In this article, we explore how to optimize dispatching policies in a system with multiple servers when there is a heavy load of work. We use size- and state-aware dispatching policies, which take into account the amount of work remaining at each server and the system state. Our main results show that minimizing the mean response time can be achieved by setting a fraction of the load on each server. Specifically, we define three key quantities related to drifts in work increases or decreases: 𝜀, 𝜌𝑠, 𝜌𝑚, and 𝛼, 𝛽. When 𝑊𝑠 > 𝑐, 𝑊𝑠 has a drift of −𝛼, and when 0 < 𝑊𝑠 ⩽ 𝑐, 𝑊𝑠 has a drift of +𝛽.
To demystify these concepts, let’s consider an analogy: Imagine a busy kitchen with multiple cooks (servers) preparing dishes (jobs). Just like how each cook has their own workstation (server), we have multiple servers in the system. Now, imagine that the kitchen is busier than usual, and the cooks need to work efficiently to keep up with the demand. That’s where size- and state-aware dispatching policies come in – they help ensure that each cook has an appropriate workload based on their capacity (size) and the current system state.

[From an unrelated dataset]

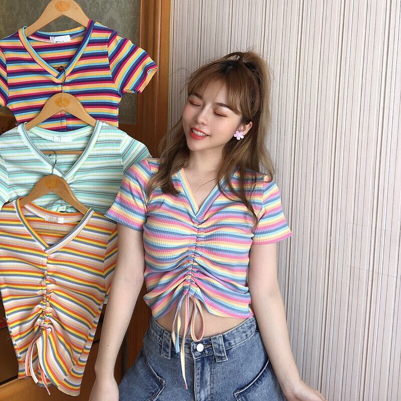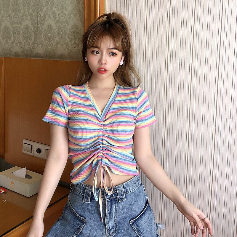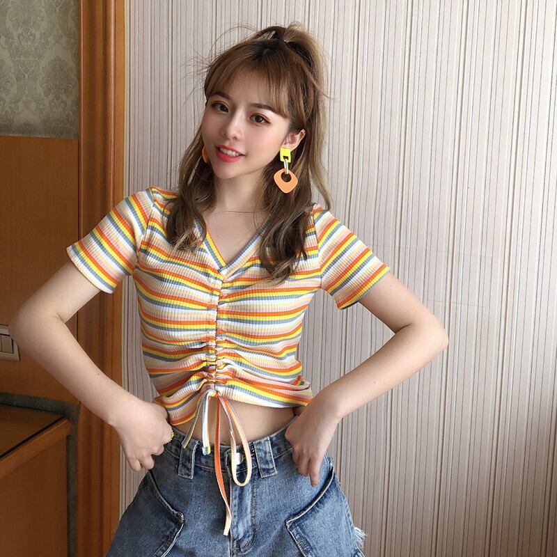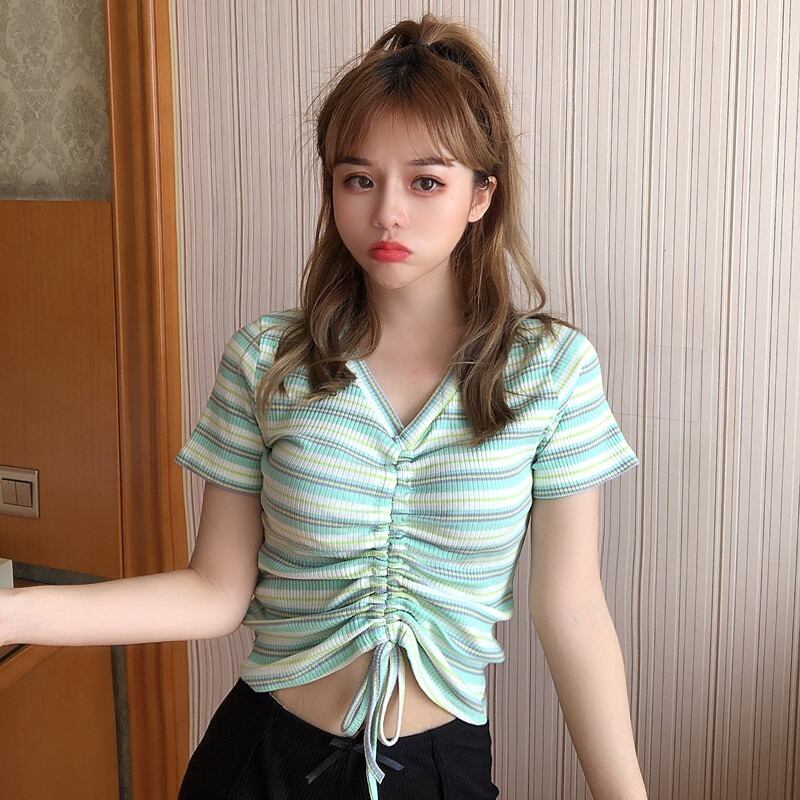 ストライプTシャツ サマーVネックショート薄手トップス 夏物 ハンチェンe81801502315

Our analysis shows that setting a fraction of the load on each server can lead to better performance. In other words, we want to distribute the workload evenly among the servers, just like how a skilled chef would allocate tasks to different cooks in the kitchen. By doing so, we can minimize the mean response time and improve the overall efficiency of the system.
In summary, this article provides insights into optimizing dispatching policies in a heavy-traffic system with multiple servers. By taking into account the amount of work remaining at each server and the system state, we can achieve better performance and minimize the mean response time. The key takeaway is that setting a fraction of the load on each server can lead to improved efficiency, just like how a skilled chef allocates tasks in a busy kitchen.